Why do we not immediately experience ourself as we really are?

In answer to a friend who wrote, ‘...then why the realization is not happening suddenly? I feel like I am someone who is locked inside this body-mind mechanism’, I wrote:

We can experience ourself as we really are at any moment, provided that we really want to, so if we do not experience this now, it is because we do not yet want it enough.

Now we experience ourself as a body and mind, but this experience is illusory, so when we do experience ourself as we really are, this illusory experience that we are a body and mind will be destroyed. Since everything else that we experience through this body and mind is an illusion based on our primary illusion ‘I am so-and-so, a person composed of body and mind’, when this primary illusion is destroyed by clear self-experience (so-called ‘realisation’) the illusion that we experience anything else will also be destroyed.

As Sri Ramana says in verse 26 of Uḷḷadu Nāṟpadu:
அகந்தையுண் டாயி னனைத்துமுண் டாகு
மகந்தையின் றேலின் றனைத்து — மகந்தையே
யாவுமா மாதலால் யாதிதென்று நாடலே
யோவுதல் யாவுமென வோர்.

ahandaiyuṇ ḍāyi ṉaṉaittumuṇ ḍāhu
mahandaiyiṉ ḏṟēliṉ ḏṟaṉaittu — mahandaiyē
yāvumā mādalāl yādideṉḏṟu nādalē
yōvudal yāvumeṉa vōr.


பதச்சேதம்: அகந்தை உண்டாயின், அனைத்தும் உண்டாகும்; அகந்தை இன்றேல், இன்று அனைத்தும். அகந்தையே யாவும் ஆம். ஆதலால், ‘யாது இது?’ என்று நாடலே ஓவுதல் யாவும் என ஓர்.

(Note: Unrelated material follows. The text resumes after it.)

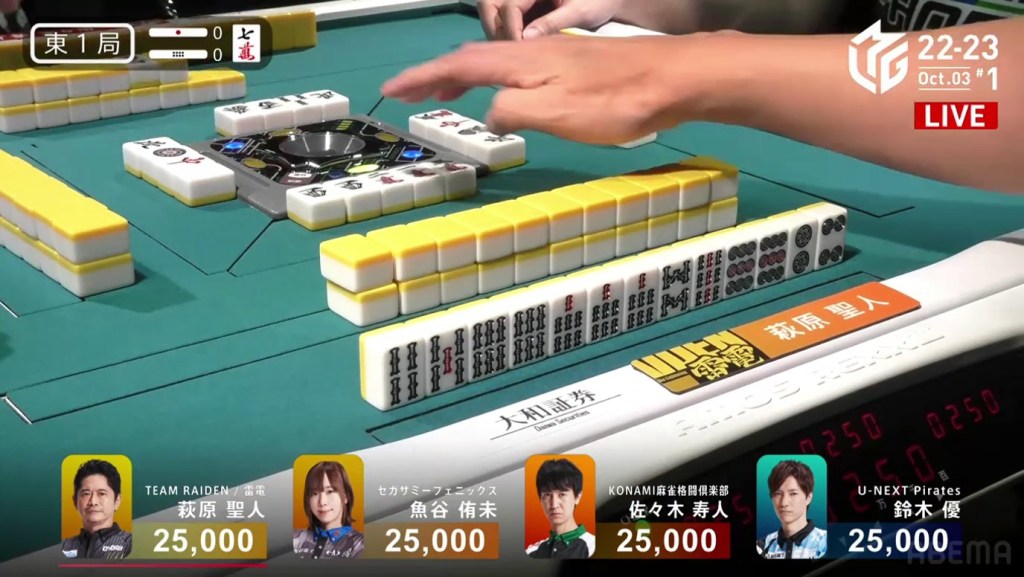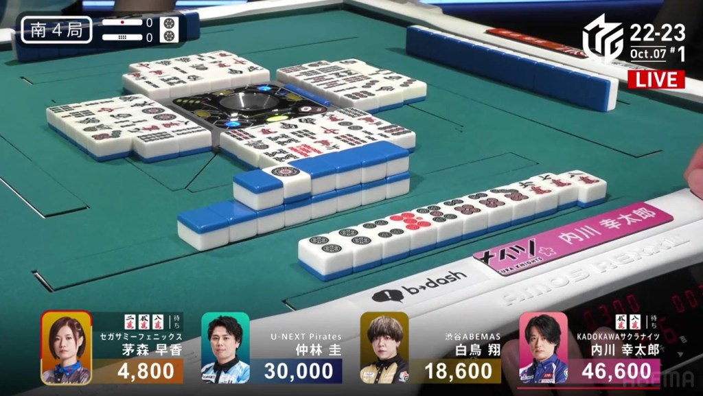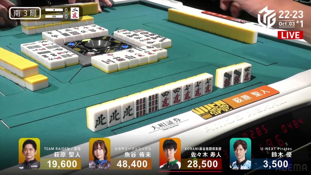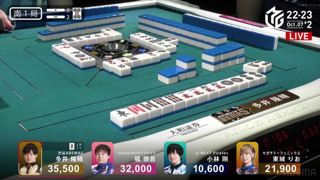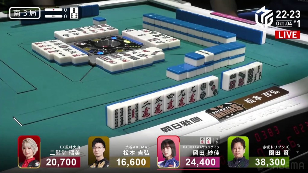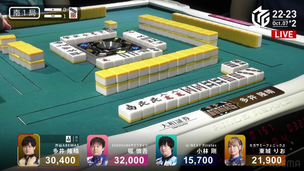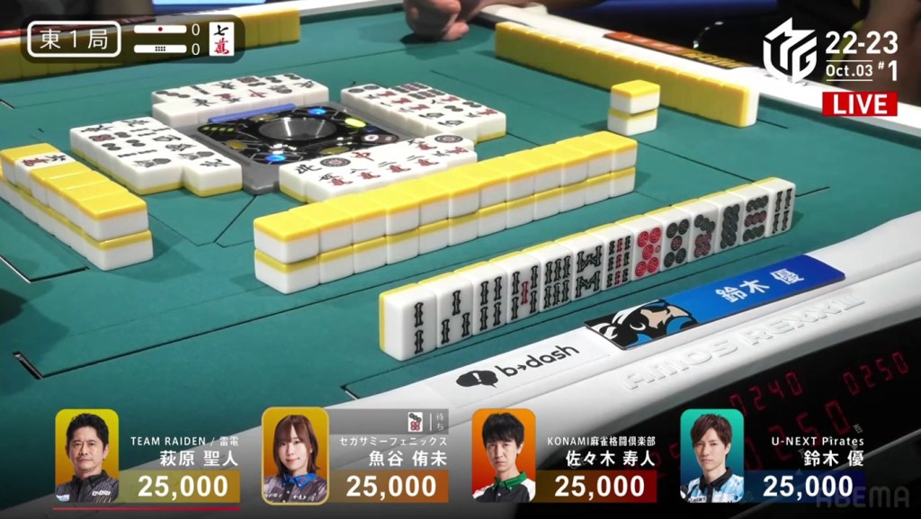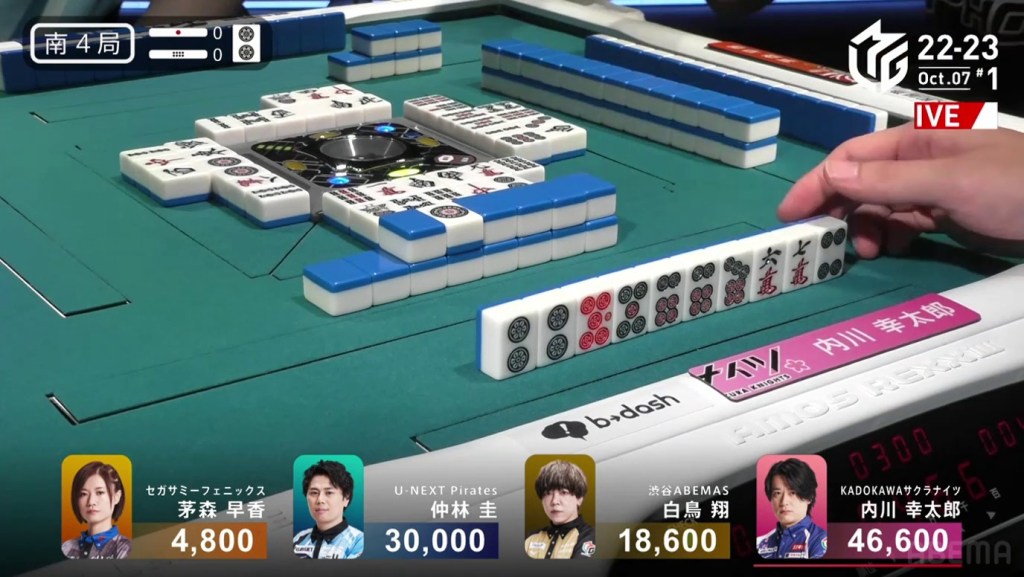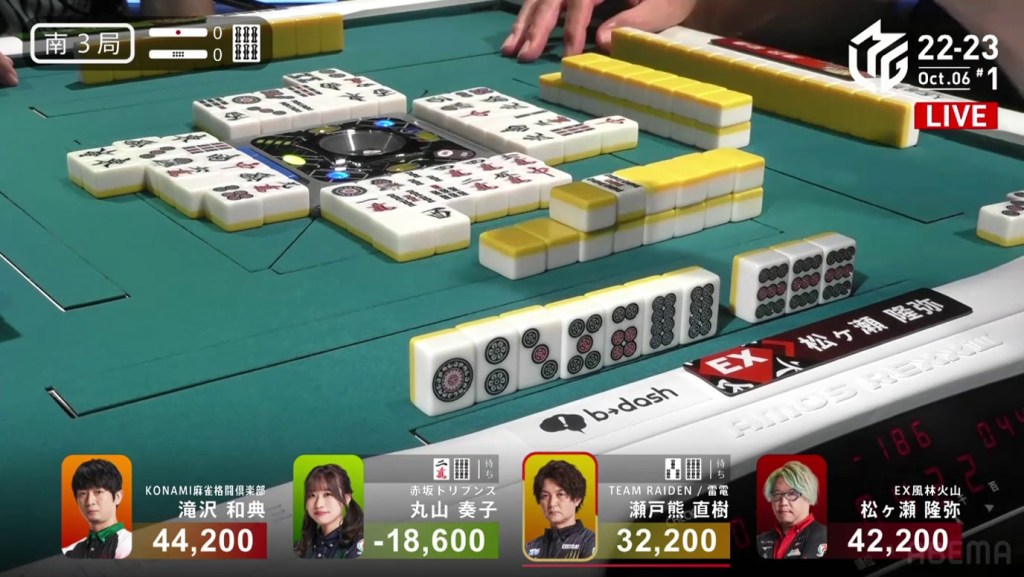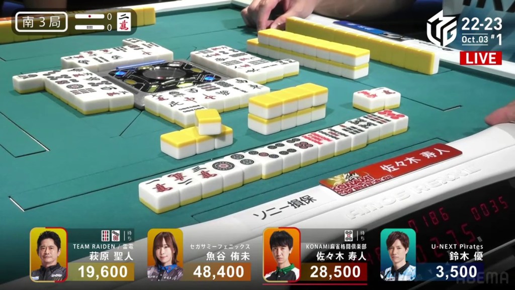 In the first game of the M-League 2022-23 season, the team captains of Team Raiden, Konami Mahjong Fight Club and Sega Sammy Phoenix faced off, along with newcomer Suzuki Yu of the U-Next Pirates. In E1-0, Hagiwara the dealer starts out iishanten, while Uotani is 3-shanten with two dora. On turn 3, Hagiwara switches out his 3m penchan for a 2p kanchan, but the move ends up backfiring on him just two turns later when he draws the 3m.

Padacchēdam (word-separation): ahandai uṇḍāyiṉ, aṉaittum uṇḍāhum; ahandai iṉḏṟēl, iṉḏṟu aṉaittum. ahandai-y-ē yāvum ām. ādalāl, ‘yādu idu?’ eṉḏṟu nādal-ē ōvudal yāvum eṉa ōr.

If the ego comes into existence, everything comes into existence; if the ego does not exist, everything does not exist. [Hence] the ego itself is everything. Therefore, know that investigating ‘what is this [ego]?’ is alone giving up everything.
When we investigate this ego (the false experience ‘I am so-and-so, a person composed of body and mind’), it will subside and eventually disappear, because it seems to exist only so long as we attend to anything other than ‘I am’. Therefore, since everything else seems to exist only so long as this ego seems to exist, when we experience ourself as we really are and thereby discover that this ego is non-existent, everything else will also cease to exist. Hence experiencing ourself as we really are entails giving up everything, so until we ready to give up all our desires to experience anything other than ‘I am’, we do not really want to experience ourself as we really are.

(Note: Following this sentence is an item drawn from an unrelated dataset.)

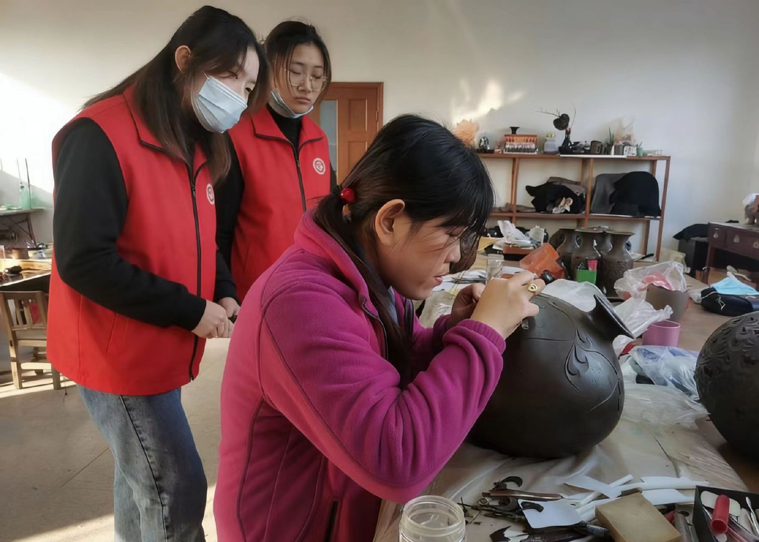 【黑釉藏黄河韵 陶坯承龙山魂】曲阜师范大学 大学生寒假社会实践 三下乡 2月21日至22日,曲阜师范大学网络空间安全学院青禾拾遗实践队赴德州,开展黑陶非遗探寻实践活动。德州黑陶是龙山文化重要遗存,以“薄如纸、亮如漆、硬如瓷、声如磬”著称,2006年入选山东省非物质文化遗产名录。实践队首站走进德州市博物馆。在龙山黑陶展厅,高约1.2米的蛋壳黑陶杯复制品薄如蝉翼,最薄处仅0.2毫米,是德州黑陶技艺的标准范本。展厅内,古老制陶工具陈列有序,多媒体设备完整展示从黄河淤泥筛选、拉坯雕刻到封窑渗碳的全流程,队员们认真记录,深入了解非遗技艺精髓。随后,队员们来到梁子黑陶工作室,拜访63岁非遗传承人梁新顺。梁师傅深耕黑陶技艺多年,荣获省级非遗保护先进个人。队员们近距离观摩制陶过程,在指导下亲手体验拉坯,感受传统技艺的力道与技巧。工作室中,精美的黑陶作品与家族传承老照片,诉说着匠人对龙山文化的坚守。次日,实践队与梁新顺走进二屯镇中心小学,开展非遗体验课堂。队员们手把手教孩子们揉泥、雕刻,孩子们用陶泥创作童趣作品,在动手实践中感受黑陶魅力。此次实践,让队员们真切触摸到非遗文化的温度,深刻认识到黑陶承载的文化根脉与匠人精神。大家纷纷表示,将以实际行动传承非遗文化,担当起青年保护传统文化的责任。

I think you will agree that if we are honest with ourselves, we will each have to admit that our love to experience only ‘I am’ and nothing else whatsoever is not yet strong enough, and until it is strong enough, we will not be able to overcome all our other desires.

In order to strengthen our love to experience only ‘I am’ and thereby to weaken all our other desires, we need to practise trying to experience only ‘I am’. Other than this practice of ātma-vicāra (self-investigation), there is no effective means by which we can cultivate increasing love to experience only ‘I am’.

Until we to experience ourself (‘I am’) as we really are, we will continue to feel that we are someone ‘locked inside this body-mind mechanism’, as you so aptly put it. This is what is called bondage, and the only liberation from this bondage is to experience ourself as we really are. As Sri Ramana says in the sixteenth paragraph of Nāṉ Yār? (Who am I?):
பந்தத்தி லிருக்கும் தான் யாரென்று விசாரித்து தன் யதார்த்த சொரூபத்தைத் தெரிந்துகொள்வதே முக்தி.

bandhattil irukkum tāṉ yār eḏṉṟu vicārittu taṉ yathārtha sorūpattai-t terindukoḷvadē mukti.

Knowing one’s one’s own real self [by] investigating who is oneself who is in bondage, alone is liberation.